Imagine trying to do simple tasks like riding a bus/train/taxi/car wearing easily 30 to 50 lbs. of fabric and steel with circumference of 6-8 feet. Could you manage that without indecently showing an ankle? Or how about sitting? Could you do that without tipping your skirt up? The satire to the right shows the various pitfalls that could occur while wearing crinolines: women could trip and fall to the ground, exposing their lower bodies. their skirts were so wide, they could knock people down/off stairs and chairs; women’s skirts could easily catch fire if they got too close to flame; be used as umbrellas; and if a person was being attacked by lions or a mob of women, the steel cage makes an excellent barrier to danger!
As the old saying goes, all good things must come to an end. So must the end come for the wide bell skirts.
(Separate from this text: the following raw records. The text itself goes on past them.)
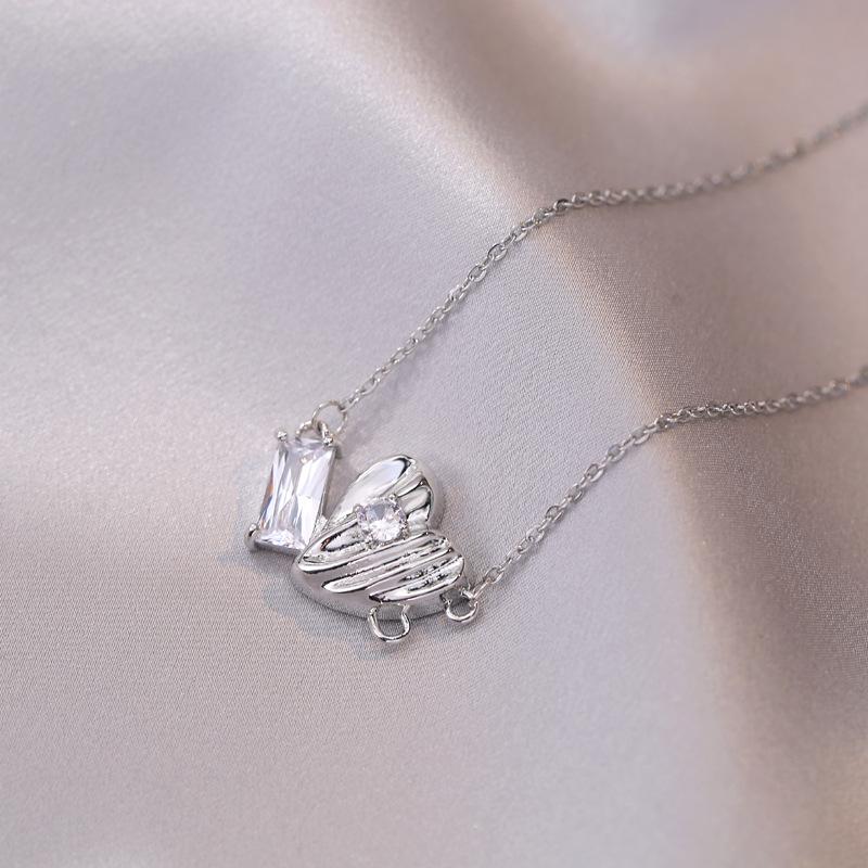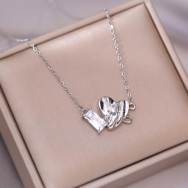 Collar para Mujer, Estilo Dulce de Moda con Zircón en Forma de Corazón, Colgante de Diseño Novedoso de Nicho, Cadena Elegante y Sencilla para Clavícula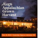 Save the date! On Nov. 8, join us in celebrating the end of the harvest season and supporting ASAP's work. Come together at the table to share an Appalachian Grown dinner at Yesterday Spaces in Leicester, NC. The meal will be served small-plate style with the opportunity to chat with the farmers and chefs that grew and created each dish! Look for announcements of participating chefs in early fall.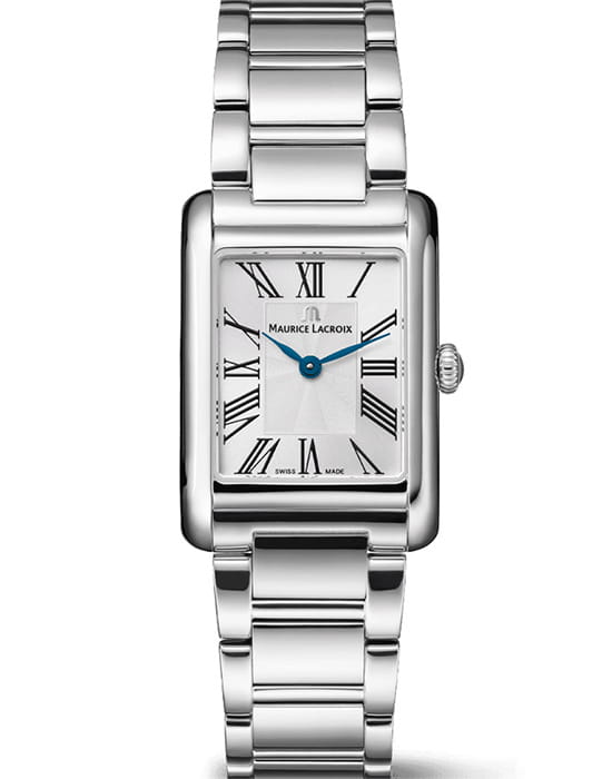Швейцарские женские кварцевые часы Maurice Lacroix FA1205-SS002-110-1 оснащены корпусом из нержавеющей стали с PVD-покрытиемPVDУльтратонкое покрытие наносится в технике вакуумного напыления, сочетает в себе нитрид титана особой прочности со слоем золота или оксида хрома. Несёт в себе декоративную или защитную функцию. размером 24 мм х 34 мм и защищены сапфировым стекломСапфировое стеклоПрочный и надёжный материал из кристалла сапфира синтетического происхождения, характеризующийся особой твёрдостью и устойчивостью к царапинам и повреждениям., устойчивым к мелким механическим повреждениям. Серебряный циферблат украшен часовыми индексами в виде цифр и стрелками, обеспечивающими функции отображения часов и минут. Часы имеют водонепроницаемость 50 метров, позволит защитить корпус от случайных брызг или капель дождя. Модель комплектуется браслетом из нержавеющей стали на раскладном замкеРаскладной замокДанный вариант застежки используется только на часах с металлическим браслетом. Отличительная особенность такого крепления в том, что длина браслета становится универсальной и вы можете самостоятельно отрегулировать нужный вам размер – застежка просто двигается по браслету часов.. Прочный корпус и надежный механизм гарантируют точность хода и долговечность использования. Дизайн и производство часов выполнены в Швейцарии, что подтверждает их высокое качество. Международная гарантия 2 года обеспечивает уверенность в надежности модели. Эти часы сочетают в себе элегантный дизайн и практичность, делая их универсальным аксессуаром для повседневного использования.

The skirts were completely impractical and most of the steel (at least in elite Southern women’s crinolines) wound up being melted down to make cannons balls and weapons during the American Civil War. The high fashion that squeezed female bodies, restricted movement, and limited healthy activities and exercise led to increased in female health problems. The Women’s Dress Society and Reform Movementwas formed in 1881 in England. The movement sought to emulate Amelia Bloomer (1818-1894), an early leader in the Women’s suffragist movement and a proponent of eliminating restrictive and deformative clothing for women. Bloomer advocated a bifurcated, ankle-length, baggy trouser outfit that was nicknamed “bloomers” by her critics. This baggy trouser was adopted by the Rational Dress Reform Movement but did not become popular until after Amelia Bloomer’s death and only then because of the popularity of the bicycle. Bloomers were a safer alternative to wearing long skirts when cycling. The increased popularity for sports and exercise in the 1870s and 1880s, helped change the restrictive nature of women’s clothing.